SOS from the mantle : the leaking roof
“Mr. Mantle thought that he had only one problem with his house, the holes called ‘subduction zone.’ However, recently he heard the shocking news that he had a leaking roof too.......”
Serpentinization of upper mantle at subduction zones can be explained by dehydration of a subducting plate. But there has been no proven mechanism for serpentinites beneath slow-spreading mid-ocean ridges and most of rifted continental margins.
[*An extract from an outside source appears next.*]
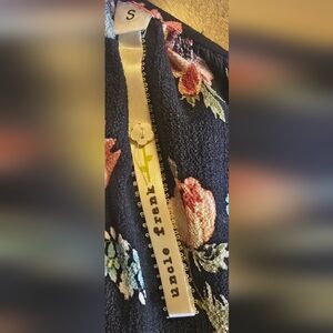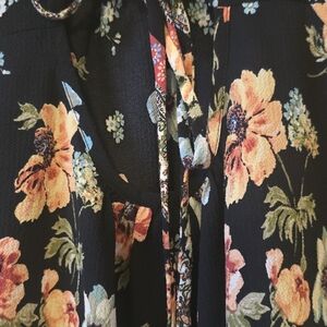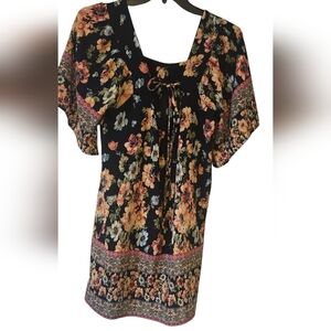Uncke Frank Mini Dress with an all over floral print on a black background. Flowy Short sleeves and tie closure in the back.

In March 2016 issue of Nature Geoscience, Bayrakci et al. showed that serpentinization at the rifted continental margin offshore from western Spain was probably initiated when the whole crust cooled to become brittle and deformation was focused along large normal faults. They also estimated the fluid flux along the faults and found it is comparable to that inferred for mid-ocean ridge hydrothermal systems. They concluded that brittle processes in the crust may ultimately control the global flux of sea water into the Earth(ref.1).
When the mantle peridotite reacts with hydrothermal fluid, it alters to serpentinite. At a magma-poor rifted continental margin, during rifting, crustal thinning leads to a reduction in overburden pressure at depth, which together with cooling moves the originally viscous lower crust into the brittle field(ref.2). It allows the fault to be extended to the boundary between the crust and mantle. The normal faults, which have the smallest dips, form a detachment-like surface between the fault-bounded tilted crustal blocks and the upper mantle. Serpentinization occurs along this boundary, and the serpentinized layer is described from seismic reflection profiles as the `S reflector'(ref.3). So if S reflector is found, it can be assumed that there were input of fluid through the crust, because the presence of S reflector implies that serpentinization had occurred.
The authors thought that the fluid would be supplied along faults, and they tried to find the evidence from the relationship between faults and serpentinization by using seismic tomography and numerical model that calculates the thickness of crust where the entire crust becomes brittle in North Atlantic rifted margins. They made 3D seismic tomography with higher resolution of the Deep Galicia margin, one of the forementioned margins. Then, they estimated the water supply to the mantle via faults from the volume of serpentinites and the degree of serpentinization.
The model results were compared with seismic tomography data. Serpentinites were found only where the entire crust is brittle and the normal faults on the crusts are block-bounded, which enables water to penetrate into the mantle. This implies a possibility that normal faults cutting down from the crust to the mantle would control the serpentinization process.
Figure 1 shows the seismic tomography data of the Deep Galicia margin. Below the S reflector, 6.5 and 7.5 km/s iso-velocity contours correspond to ~45% and ~15% serpentinization, respectively, if these velocity variations are attributed solely to variations in the degree of serpentinization(ref.4). Therefore, the larger the depth difference between the two contours, the higher the degree of serpentinization. The highly serpentinized zones are localized under the hanging walls of normal faults, which could lead to the interpretation that serpentinization was caused by sea water coming along the faults.
The net time-integrated downward flux for each fault is about tens of thousands ㎥ per square meter of fault cross-sectional area. This values are comparable to that of mid-ocean ridge faults in the Oman Ophiolite(ref.5).
In this paper, the authors assumed that S reflectorㅡthat is, serpentiniteㅡwould give information on the pathway of water transport at crust-mantle boundary. They provided geophysical evidences for the mechanism how water immigrates to the mantle through the faults at continental rifted margins and tried to quantify the amount for which this mechanism accounts in earth’s water cycle.
REFERENCES
1. G.Bayrakci et al., Fault-controlled hydration of the upper mantle during continental rifting, Nature Geoscience 9, pp.384-388 (2016).
2. Perez-Gussinye, M. & Reston, T. J. Rheological evolution during extension at nonvolcanic rifted margins: onset of serpentinization and development of detachments leading to continental breakup, J. Geophys. Res. 106,
3961-3975 (2001).
3. Reston, T. J. et al., Movement along a low-angle normal fault: the S reflector
west of Spain, Geochem. Geophys. Geosyst. 8, Q06002 (2007).
4. Christensen, N. I. Serpentinites, peridotites, and seismology, Int. Geol. Rev. 46,
795-816 (2004).
5. Coogan, L. A. et al. Chemical and thermal constraints on focussed fluid flow in
the lower oceanic crust, Am. J. Sci. 306, 389-427 (2006).